Although these problems from insufficient marketing support become apparent after one or more years in market, they begin much earlier in the innovation planning stage. Based on a recent Nielsen analysis of 80 randomly-selected U.S. product launches across multiple categories, most of the variance between the initial forecasted sales estimates and the actual in-market performance could be explained by overly-optimistic marketing assumptions. The average volumetric difference between these two scenarios—planned vs. actual support—was approximately 30%. Regardless of client, country and category, many similar analyses we’ve conducted over the years tell the same story: there’s a consistent bias towards significantly overstating the anticipated level of marketing support.
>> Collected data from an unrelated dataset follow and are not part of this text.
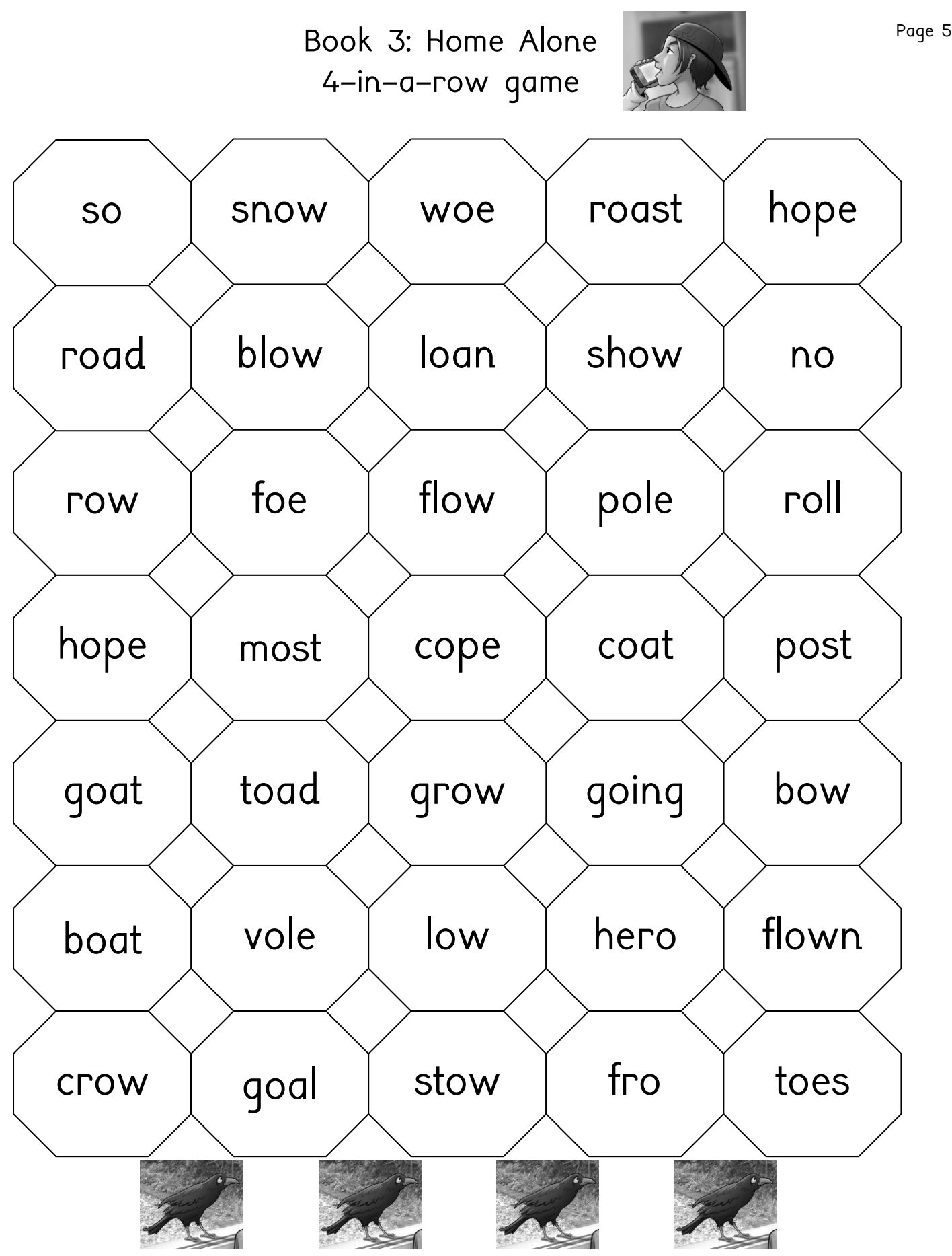
A game for two players: Play with two sets of coloured counters or two different sets of coins. Players take turns to read a word and put a counter on it. The winner is the first to get four of his or her counters in a row in any direction. The winner places a counter on a picture of a crow. The game is played four times until all the pictures of the crow are covered.
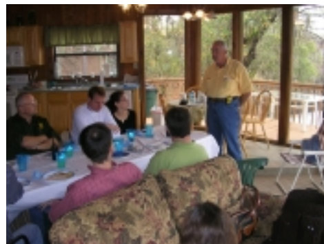
We had fun and talked business
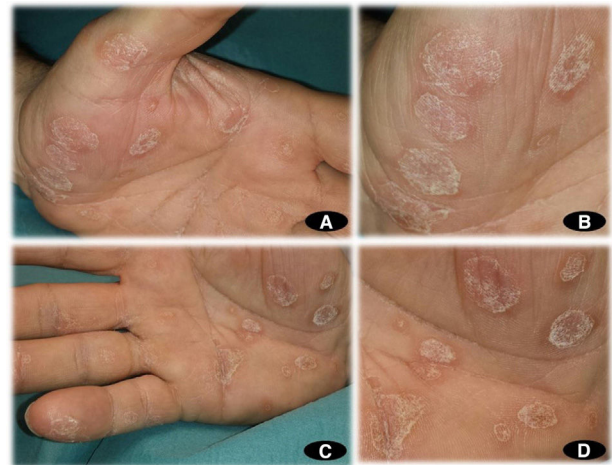
Figure 1 A, Multifocal noncoalescing hyperkeratotic plaques on the palm of the left hand. B, Multiple hyperkeratotic plaques with well-defined edges on the palm of the left hand. C, Multifocal noncoalescing hyperkeratotic plaques on the palm of the right hand. D, Multiple hyperkeratotic plaques with well-defined edges on the palm of the right hand.

A 65-year-old man with no relevant personal or family history was assessed at our department for the gradual appearance of lesions on the palms of both hands, 2 weeks after starting treatment with CBZ at a dosage of 200 mg every 12 h for trigeminal neuralgia, which had recently been diagnosed in the neurology department. The physical examination revealed multifocal hyperkeratotic plaques on both hands (Fig. 1A–D); the lesions were asymptomatic with well-defined margins and did not coalesce. No involvement of the mucosa or soles of the feet was observed. Additional tests, including a blood count, general biochemistry, acute-phase reactants (PCR, VSG), and serology for syphilis, were normal. The patient reported no recent vaccines. Histopathology (Fig. 2) was compatible with keratoderma with no associated inflammatory process. The drug was suspended and replaced with one of a different therapeutic class to manage the patient's neurologic condition. The skin lesions were treated with topical emollients. Follow-up at 4 weeks showed complete clearance of the lesions.

One could argue that it’s impossible to predict accurately what will happen when a product finally launches; innovation cycles can take months or even years, during which time both internal budgets and the marketplace can shift considerably. Over the past few years, Nielsen BASES forecasting teams have partnered with select clients to improve the accuracy of marketing assumptions, reducing the variance created by faulty assumptions from 30% to 5%. These teams leverage category benchmarks, past execution history, and known best practices to make considerably more accurate predictions of expected levels of support. Though it requires effort, skill and access to the right information, we know that predicting accurate marketing inputs in advance can be done.

While new methods, interfaces and frameworks can be valuable, they’re no substitute for addressing the fundamental challenges above that continue to plague many manufacturers. The principles driving innovation success remain relatively simple on the surface:

  1.     Invest in a good idea.
  2.     Transform it into a fantastic product that delivers on the promise.
  3.     Effectively support the brand in year one so it has a chance to compete.
  4.     Have the patience to drive enough penetration to build sustainable volume.
  5.     Maintain organizational focus on only those innovations that will drive overall brand growth.

The easiest path to the first page of search results, positive social media mentions, and a five-star rating is to offer a fantastic product experience that delights consumers.